> **What you need to do**: Lines from the one containing "Mit Pinsel, Schere" through the final line of the data, restated word for word and free of pictures, make up the whole answer.

--- --- ---

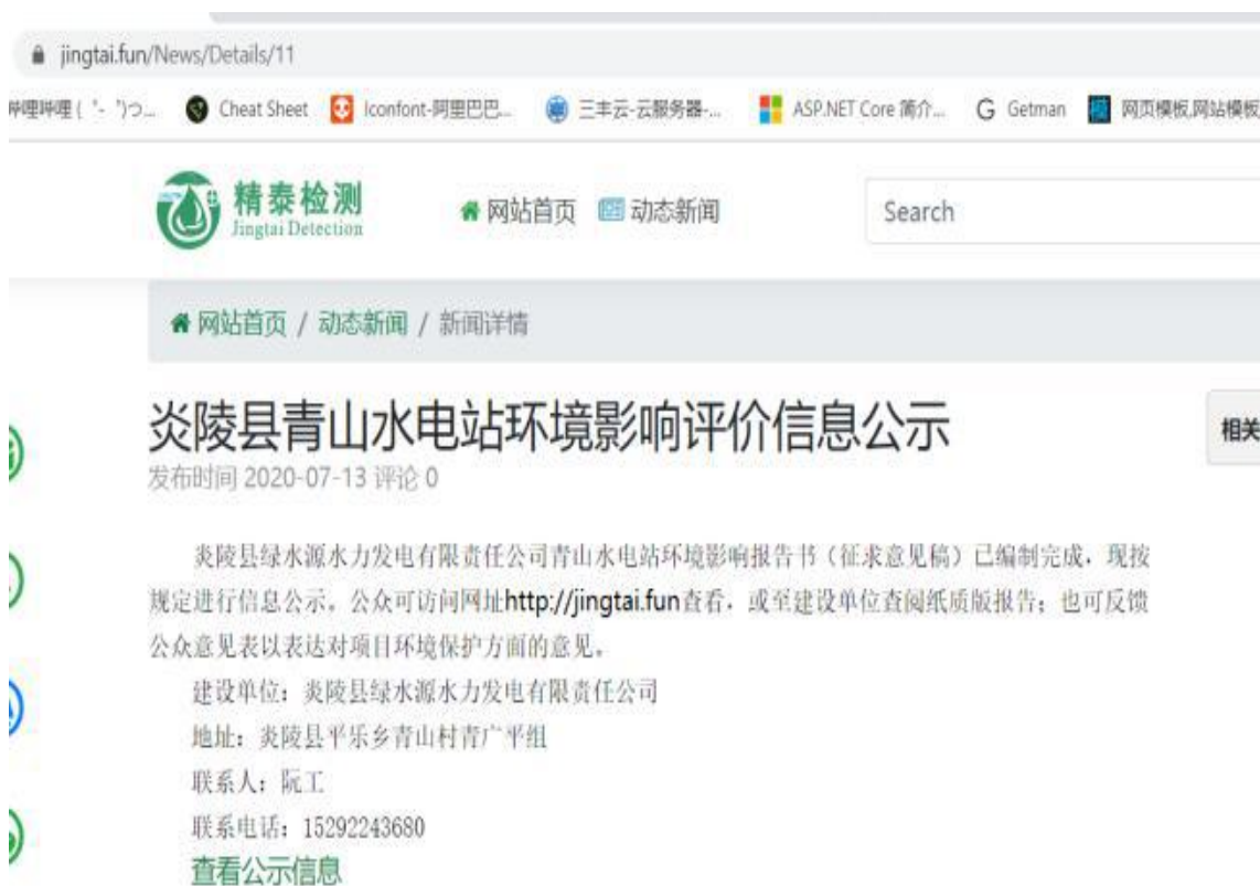
图 2 信息公示网络公示截图
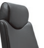
Fixed headrest Poggiatesta fisso

giroflex 64 – Swivel chair: The executive armchair is available with comfort upholstery, wide seat, high backrest (on request: covered). Optionally with depth-adjustable lumbar support. Diverse cover materials in various colours. With fixed or 3D armrests, headrest in two different versions and coat-hanger. Polished or powder-coated aluminium 5-arm base in diverse colours. Castors \varnothing 50 mm or optionally \varnothing 65 mm.
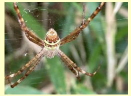
コガタコガネグモ
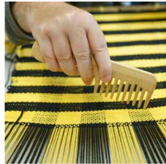
Mit Pinsel, Schere und Kamm: Die Arbeiten in den verschiedenen Ateliers sind so vielfältig wie die Materialien.
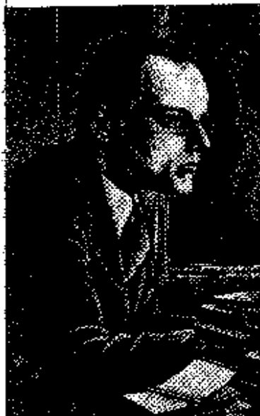
23 De Vries: Amsterdam. 18 februari 1991

Maar, vraag ik dan, weet deze filosofische ironicus niet dat het besef van verscheidenheid naop tot ruizering en relativering? En dat debatten over de 'de ach-
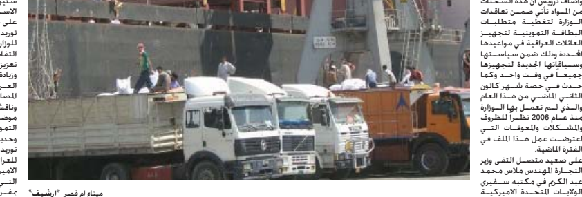
ميناء ام قصر "ارشييف"

استوارت جونز وجمهورية ايران الاسلامية حسن دنائي كلا على حدة للتباحث في البيات توريد مفرات الحصة التموينية للوزارة اضافة الى الموضوعات ذات الصلة المشتركة التي تخص تعزيز وتطوير العلاقات التجارية وزيارة حجم التبادل التجاري بين العراق وثلك البلدان ما يخدم المصالح المشتركة.
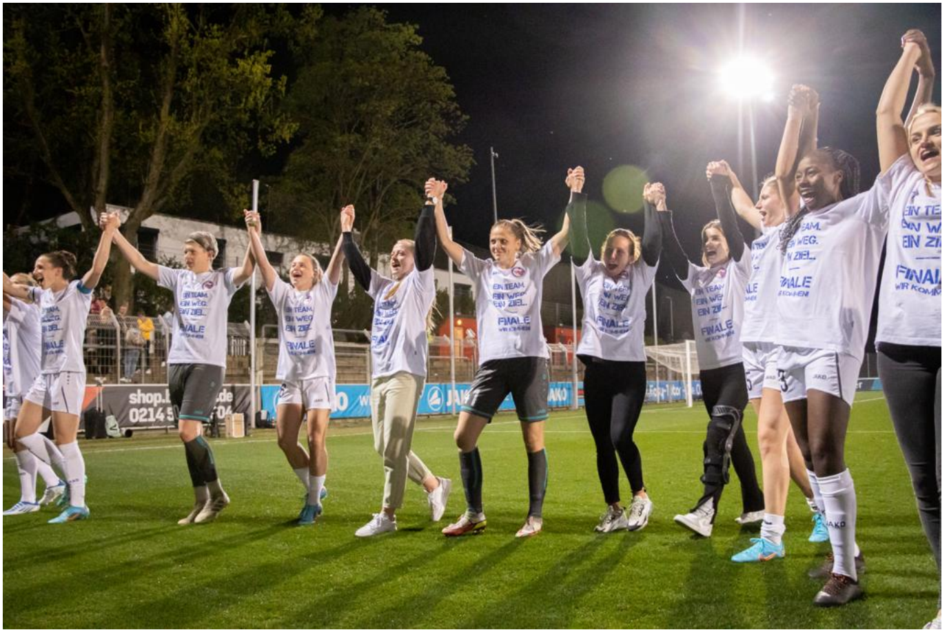
FINALE WIR KOMMEN

Sara schreit, sie rennt auf unseren Fanblock zu, die anderen Turbinen kommen dazu, alle werfen sich zu Boden. Die Fans kriegen sich nicht mehr ein, alle fallen sich um den Hals. Die Bilder und Videos können gar nicht dieses Live-Erlebnis wiedergeben. Es ist unbeschreiblich. Nun ist Pokal-Party angesagt, auch für die Turbinen sind T-Shirts vorbereitet. EIN TEAM-EIN WEG-EIN ZIEL - FINALE WIR KOMMEN
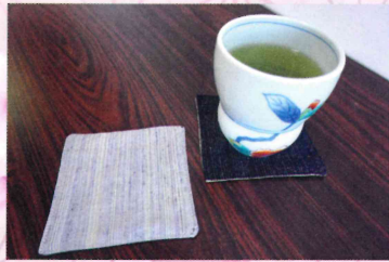
来場者には「長井紬コースター」進呈!
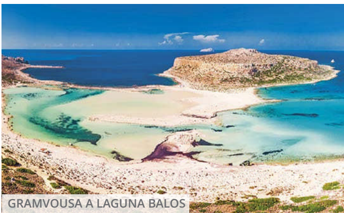
GRAMVOUSA A LAGUNA BALOS
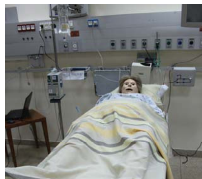
Манекен для отработки родового пособия

Помимо учебной, в центре ведется и научная работа – за годы существования центра было написано 4 диссертации на степень PhD и 2 работы на степень магистра управления.
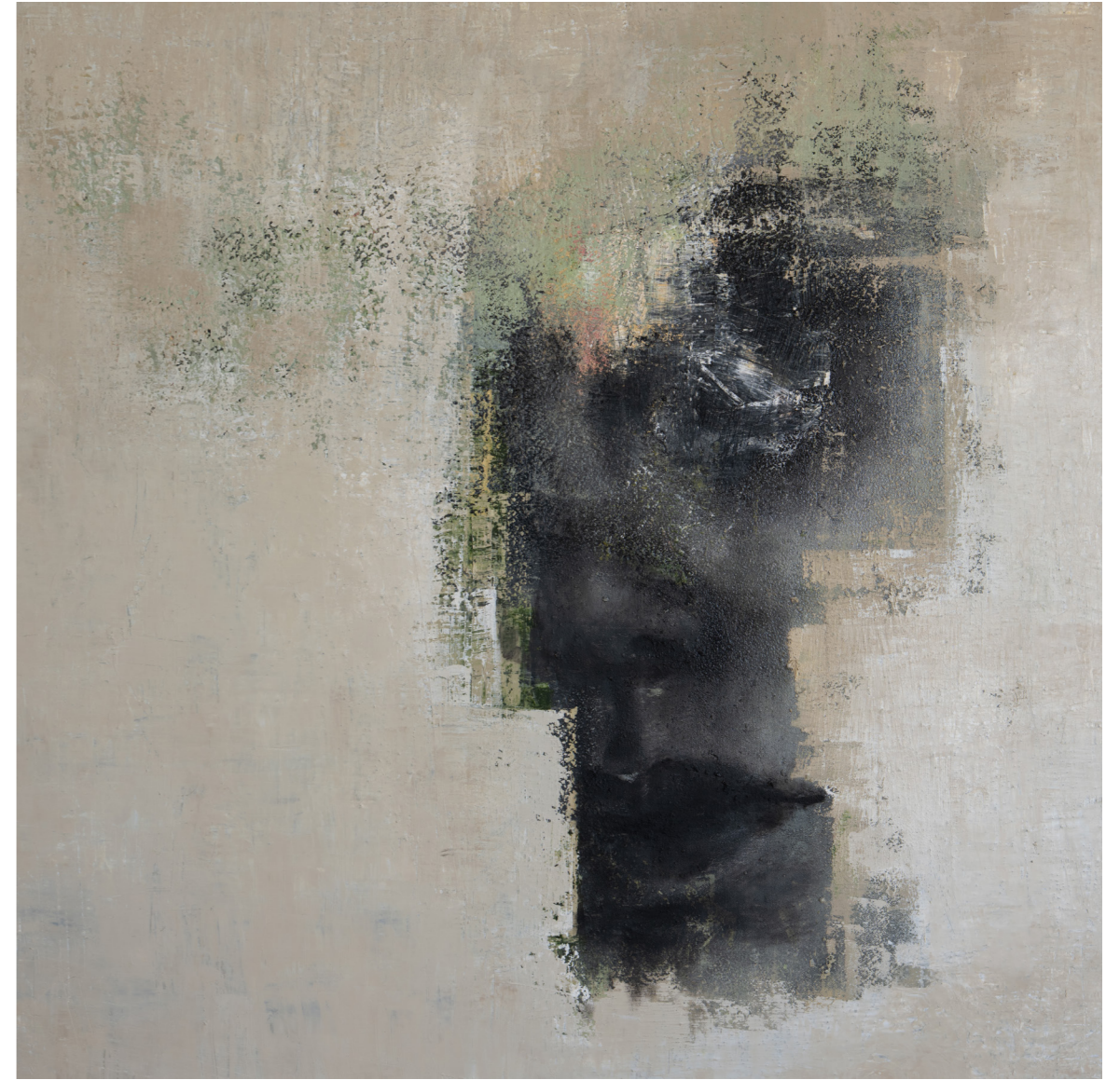
خامات متعددة على قماش Mixed media on canvas 120 x 120 cm
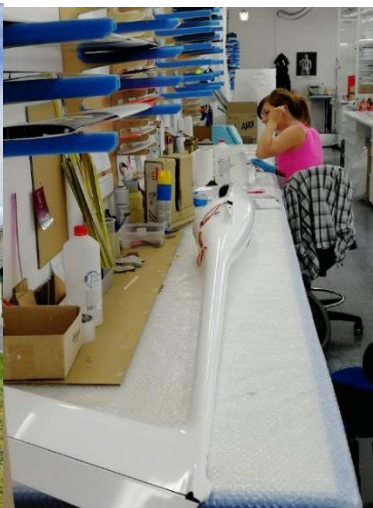
Kuva 10. yrityksen tuotantotiloja
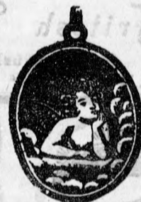
151 sz. doublé 4 frt. kisebb 1 frt. 50. arany 8 frt. kisebb 3 frt.

--- --- ---

> **Finished task**:
Mit Pinsel, Schere und Kamm: Die Arbeiten in den verschiedenen Ateliers sind so vielfältig wie die Materialien.
23 De Vries: Amsterdam. 18 februari 1991

Maar, vraag ik dan, weet deze filosofische ironicus niet dat het besef van verscheidenheid naop tot ruizering en relativering? En dat debatten over de 'de ach-
ميناء ام قصر "ارشييف"

استوارت جونز وجمهورية ايران الاسلامية حسن دنائي كلا على حدة للتباحث في البيات توريد مفرات الحصة التموينية للوزارة اضافة الى الموضوعات ذات الصلة المشتركة التي تخص تعزيز وتطوير العلاقات التجارية وزيارة حجم التبادل التجاري بين العراق وثلك البلدان ما يخدم المصالح المشتركة.
FINALE WIR KOMMEN

Sara schreit, sie rennt auf unseren Fanblock zu, die anderen Turbinen kommen dazu, alle werfen sich zu Boden. Die Fans kriegen sich nicht mehr ein, alle fallen sich um den Hals. Die Bilder und Videos können gar nicht dieses Live-Erlebnis wiedergeben. Es ist unbeschreiblich. Nun ist Pokal-Party angesagt, auch für die Turbinen sind T-Shirts vorbereitet. EIN TEAM-EIN WEG-EIN ZIEL - FINALE WIR KOMMEN
来場者には「長井紬コースター」進呈!
GRAMVOUSA A LAGUNA BALOS
Манекен для отработки родового пособия

Помимо учебной, в центре ведется и научная работа – за годы существования центра было написано 4 диссертации на степень PhD и 2 работы на степень магистра управления.
خامات متعددة على قماش Mixed media on canvas 120 x 120 cm
Kuva 10. yrityksen tuotantotiloja
151 sz. doublé 4 frt. kisebb 1 frt. 50. arany 8 frt. kisebb 3 frt.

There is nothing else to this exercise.